▶ Given data:
Segment Open

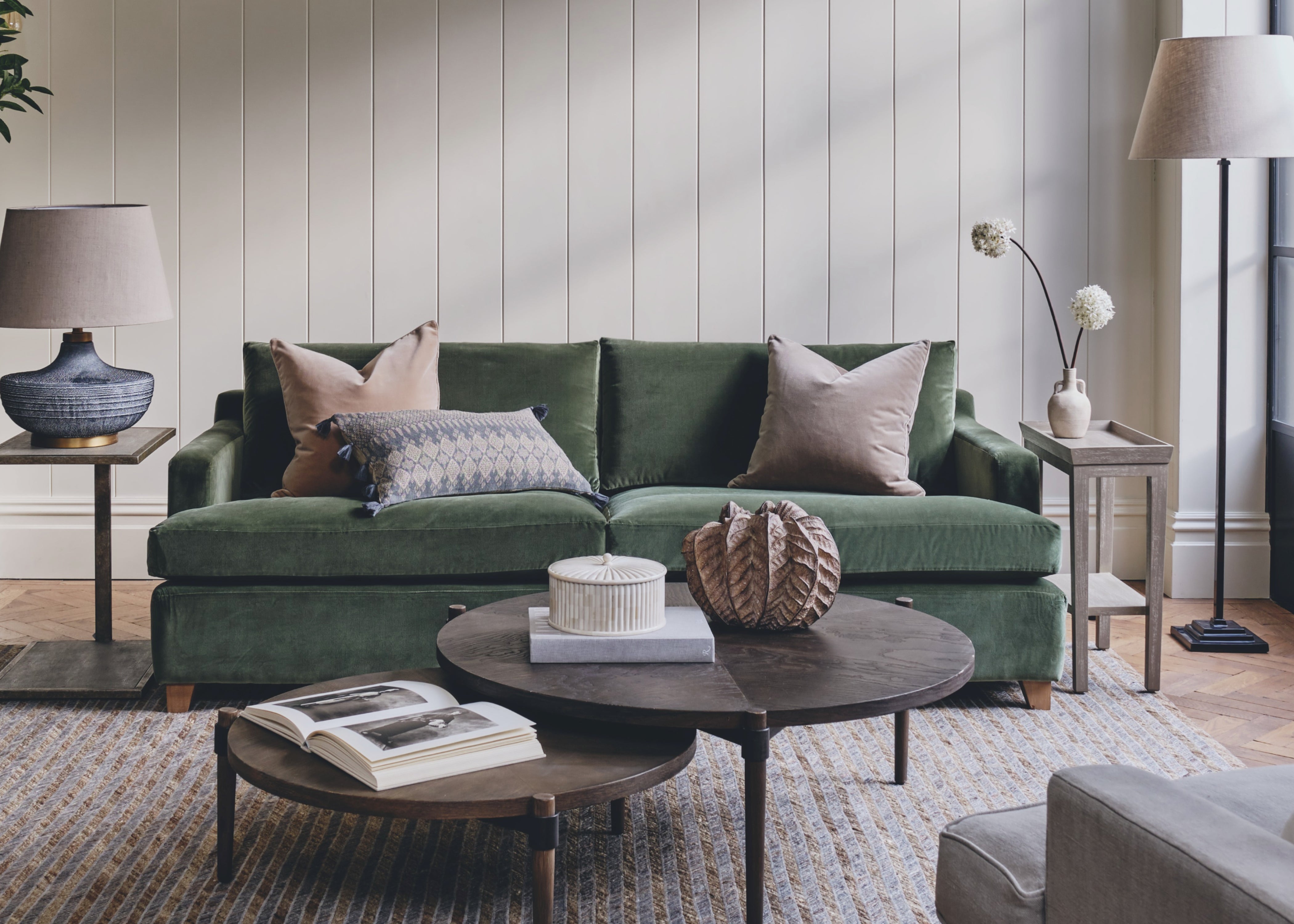 The elegant Beale seating range is quite the chameleon owing to its intrinsic ability to pull off every cut, shade and fabric imaginable. Part of its charm is that it looks just as graceful covered with dark red linen as it does upholstered in sumptuous charcoal velvet. Its short, tapered, oak legs, square arms and low-sitting frame give it a modern, clean-cut aesthetic. To ensure maximum comfort, the seat cushion's foam core is crowned with a feather topper. The Beale can be tailored to fit all kinds of spaces, as it is also available as an armchair, loveseat and various sizes of sofa. Choose from a wide range of fabric, colour and leg options.
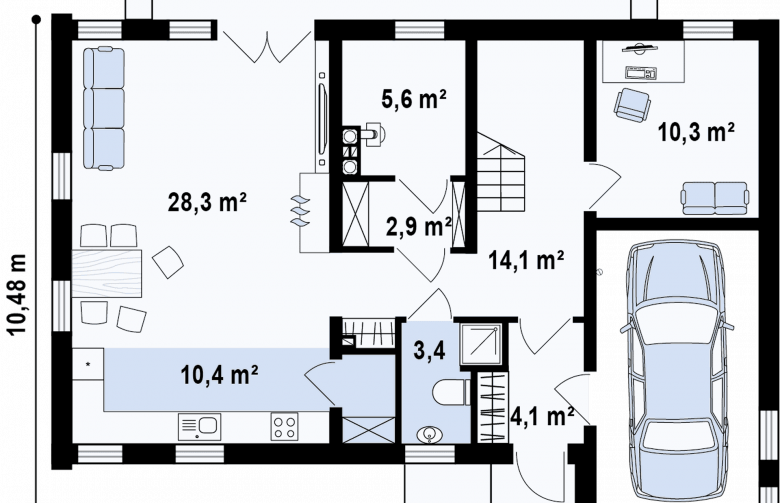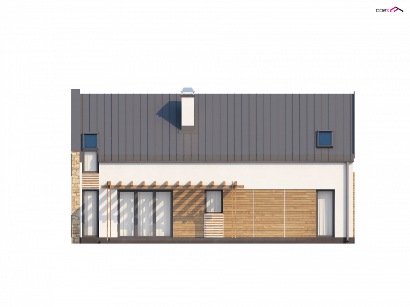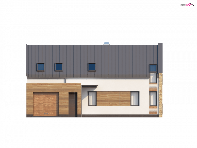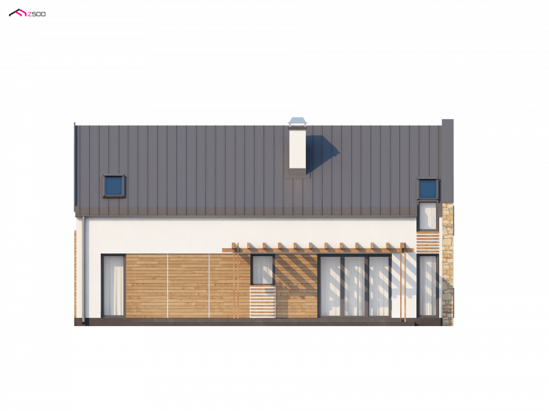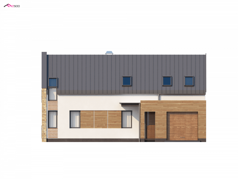 Zx38 to dom o zgrabnej formie. Ciekawe zestawienie różnych materiałów na elewacjach oraz rezygnacja z tradycyjnej formy dachu z okapem podkreślają nowoczesny charakter tego projektu. Wysunięty przed bryłę domu garaż z ciekawą formą zadaszenia tworzą atrakcyjną strefę wejściową.
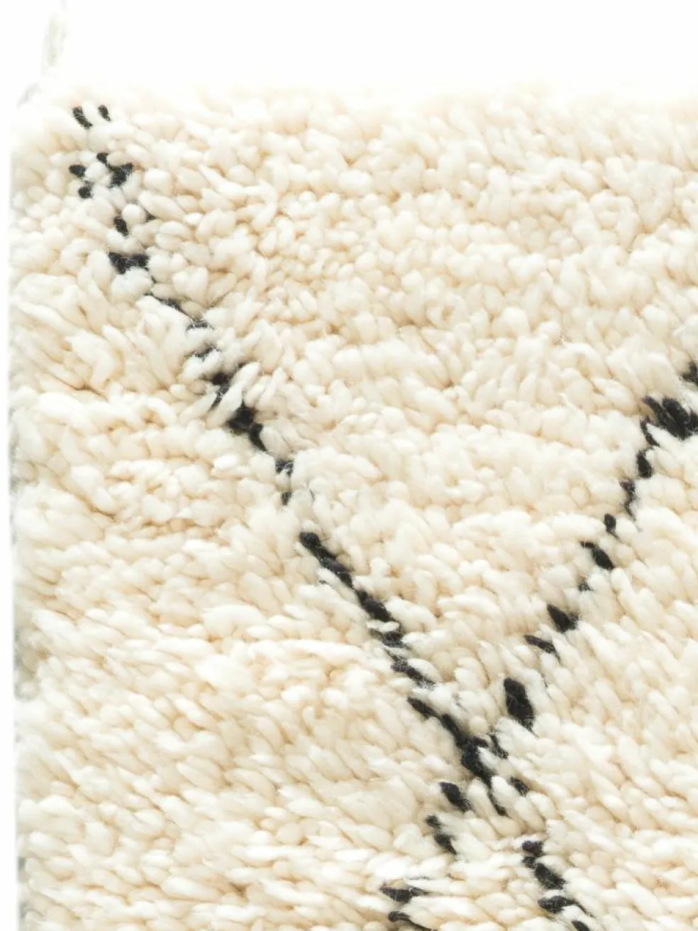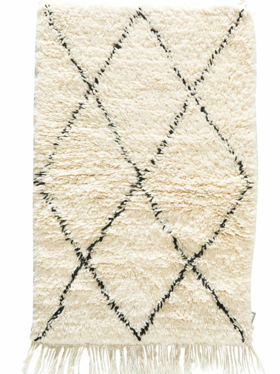 . Die Teppiche sind fast immer weißgrundig und zeichnen sich durch schwarze Zickzack-, Gitter- oder Rauten-Muster sowie einem wohnlich-zotteligen Flor aus. Kaum eine andere Teppichprovenienz passt mit ihren ursprünglichen nomadischen Designs besser in einen minimalistischen Wohnstil. Wie viele andere Nomadenteppiche auch, wurden dieBeni Ourain
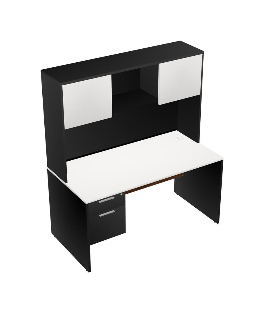 White Rectangular Office Desk Plus Black Hanging Drawers And Black Hutch
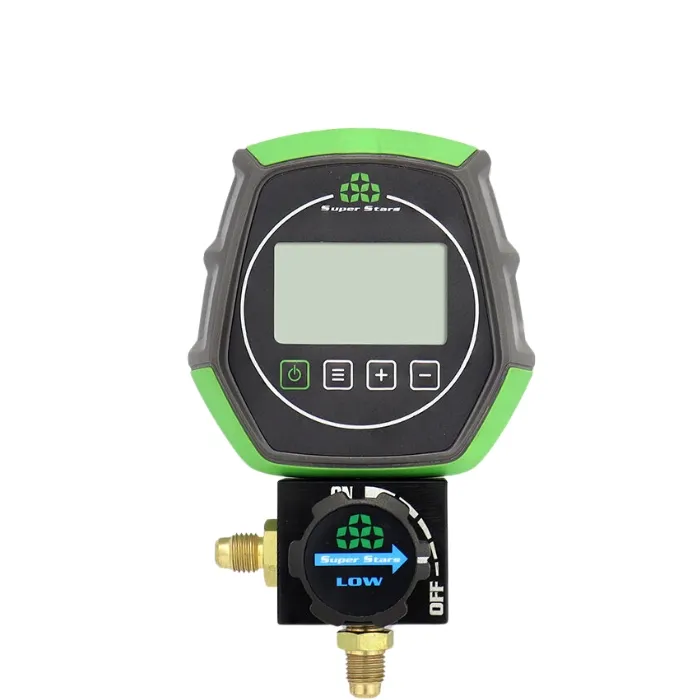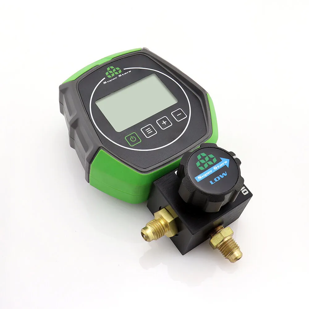 – Đồng hồ gas đơn điện tử áp cao Super Stars ST-B168DH là thiết bị chuyên dụng giúp đo áp suất và hỗ trợ nạp gas cho các hệ thống điện lạnh.
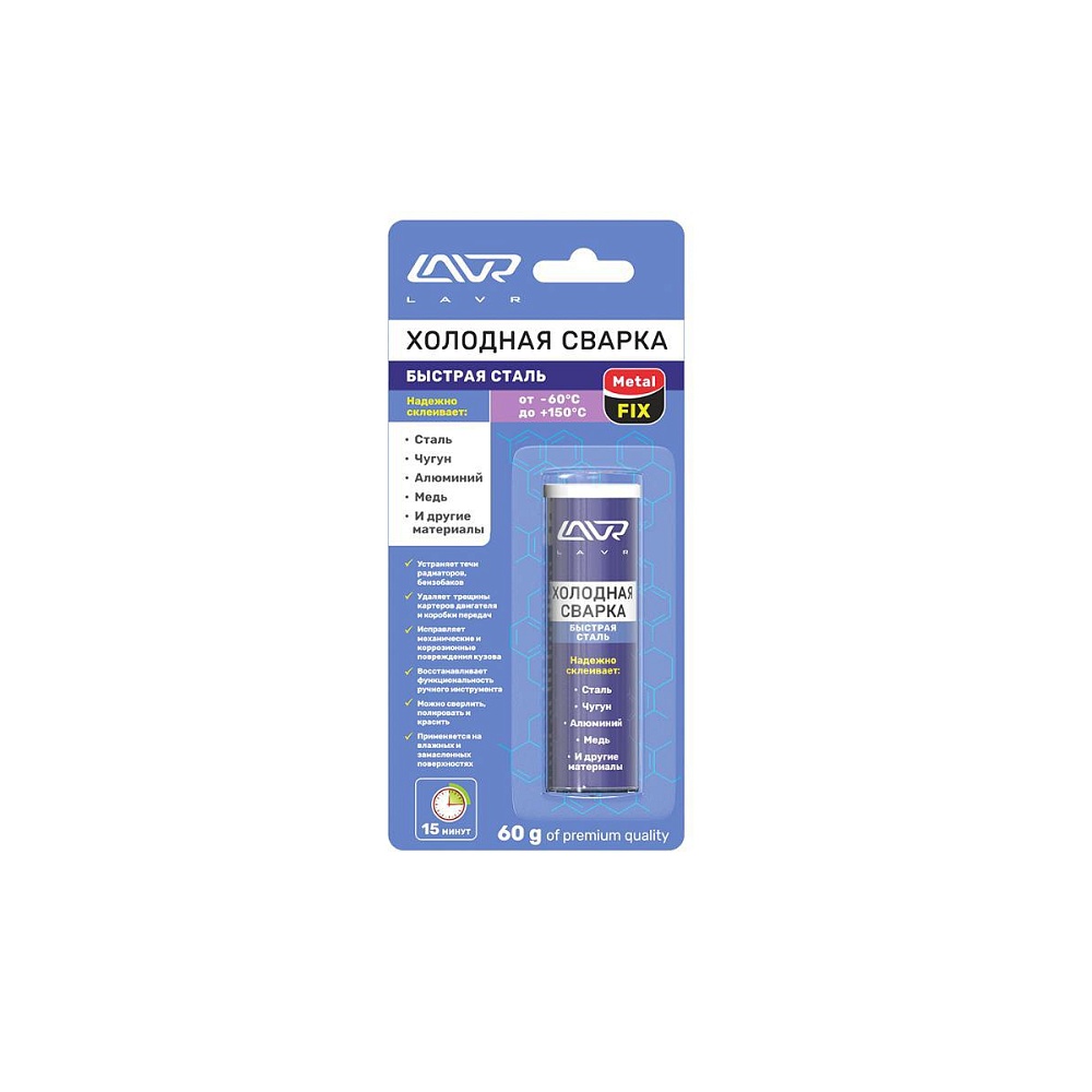 Сварка холодная быстрая сталь Lavr 60г.MetalFix (Ln1722) Сварка холодная быстрая сталь Lavr 60г.MetalFix (Ln1722)
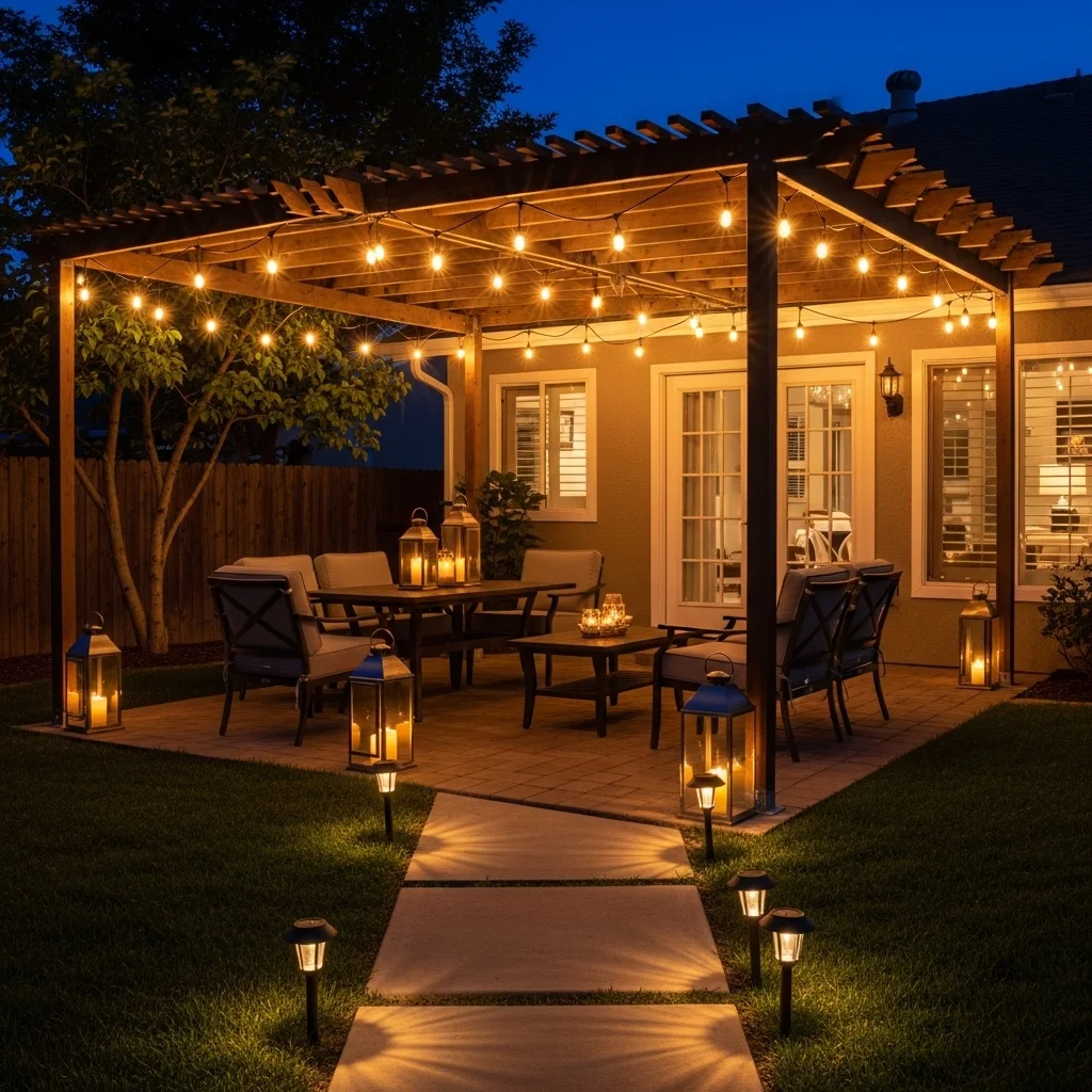 String lights are not in because they are not popular. Cafe-style bulbs are the ones that I hung in our pergola in a zigzag form, and that warm light changes the whole area as soon as the sun goes down. But I didn’t stop there. Tables with lanterns of different heights will have depth and I alternate battery-operated candles (to be safe and convenient) and real candles when we are out there and doing active activities using the space.
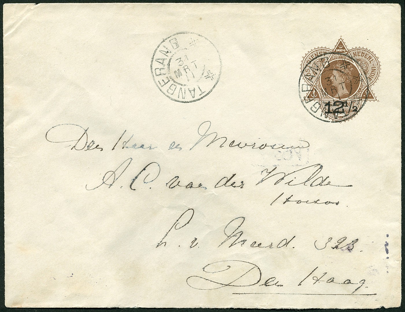 Env. G29 (klep ontbreekt) van Tangerang 31-3-1911 naar ´sGravenhage 1-5. Twee mooie afdrukken van het vooral op poststuk zeldzame grootrondstempel (SvL R)
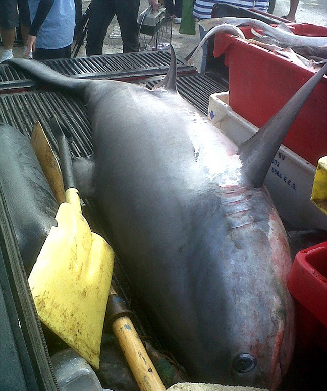 Ο καρχαρίας ήταν ήδη νεκρός όταν τον ανέβασαν στο σκάφος. Με μήκος 4,5 μέτρα θα μπορούσε να αποκεφαλίσει έναν άνθρωπο με μία κίνηση.
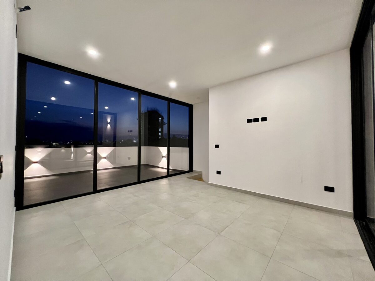 Diseño moderno con techos de entrepiso de 2.80 m y doble altura en sala-comedor-cocina hasta 3.40 m, creando espacios amplios y luminosos.
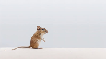 A delightful close-up of a charming mouse holding a bright red fruit in its tiny paws, set against a soft neutral background, capturing the essence of playful wildlife.

Segment Closed

▶ Action item: Once the pictures are set aside, give the listing again word for word.

▶ Result below:
 The elegant Beale seating range is quite the chameleon owing to its intrinsic ability to pull off every cut, shade and fabric imaginable. Part of its charm is that it looks just as graceful covered with dark red linen as it does upholstered in sumptuous charcoal velvet. Its short, tapered, oak legs, square arms and low-sitting frame give it a modern, clean-cut aesthetic. To ensure maximum comfort, the seat cushion's foam core is crowned with a feather topper. The Beale can be tailored to fit all kinds of spaces, as it is also available as an armchair, loveseat and various sizes of sofa. Choose from a wide range of fabric, colour and leg options.
 Zx38 to dom o zgrabnej formie. Ciekawe zestawienie różnych materiałów na elewacjach oraz rezygnacja z tradycyjnej formy dachu z okapem podkreślają nowoczesny charakter tego projektu. Wysunięty przed bryłę domu garaż z ciekawą formą zadaszenia tworzą atrakcyjną strefę wejściową.
 . Die Teppiche sind fast immer weißgrundig und zeichnen sich durch schwarze Zickzack-, Gitter- oder Rauten-Muster sowie einem wohnlich-zotteligen Flor aus. Kaum eine andere Teppichprovenienz passt mit ihren ursprünglichen nomadischen Designs besser in einen minimalistischen Wohnstil. Wie viele andere Nomadenteppiche auch, wurden dieBeni Ourain
 White Rectangular Office Desk Plus Black Hanging Drawers And Black Hutch
 – Đồng hồ gas đơn điện tử áp cao Super Stars ST-B168DH là thiết bị chuyên dụng giúp đo áp suất và hỗ trợ nạp gas cho các hệ thống điện lạnh.
 Сварка холодная быстрая сталь Lavr 60г.MetalFix (Ln1722) Сварка холодная быстрая сталь Lavr 60г.MetalFix (Ln1722)
 String lights are not in because they are not popular. Cafe-style bulbs are the ones that I hung in our pergola in a zigzag form, and that warm light changes the whole area as soon as the sun goes down. But I didn’t stop there. Tables with lanterns of different heights will have depth and I alternate battery-operated candles (to be safe and convenient) and real candles when we are out there and doing active activities using the space.
 Env. G29 (klep ontbreekt) van Tangerang 31-3-1911 naar ´sGravenhage 1-5. Twee mooie afdrukken van het vooral op poststuk zeldzame grootrondstempel (SvL R)
 Ο καρχαρίας ήταν ήδη νεκρός όταν τον ανέβασαν στο σκάφος. Με μήκος 4,5 μέτρα θα μπορούσε να αποκεφαλίσει έναν άνθρωπο με μία κίνηση.
 Diseño moderno con techos de entrepiso de 2.80 m y doble altura en sala-comedor-cocina hasta 3.40 m, creando espacios amplios y luminosos.
 A delightful close-up of a charming mouse holding a bright red fruit in its tiny paws, set against a soft neutral background, capturing the essence of playful wildlife.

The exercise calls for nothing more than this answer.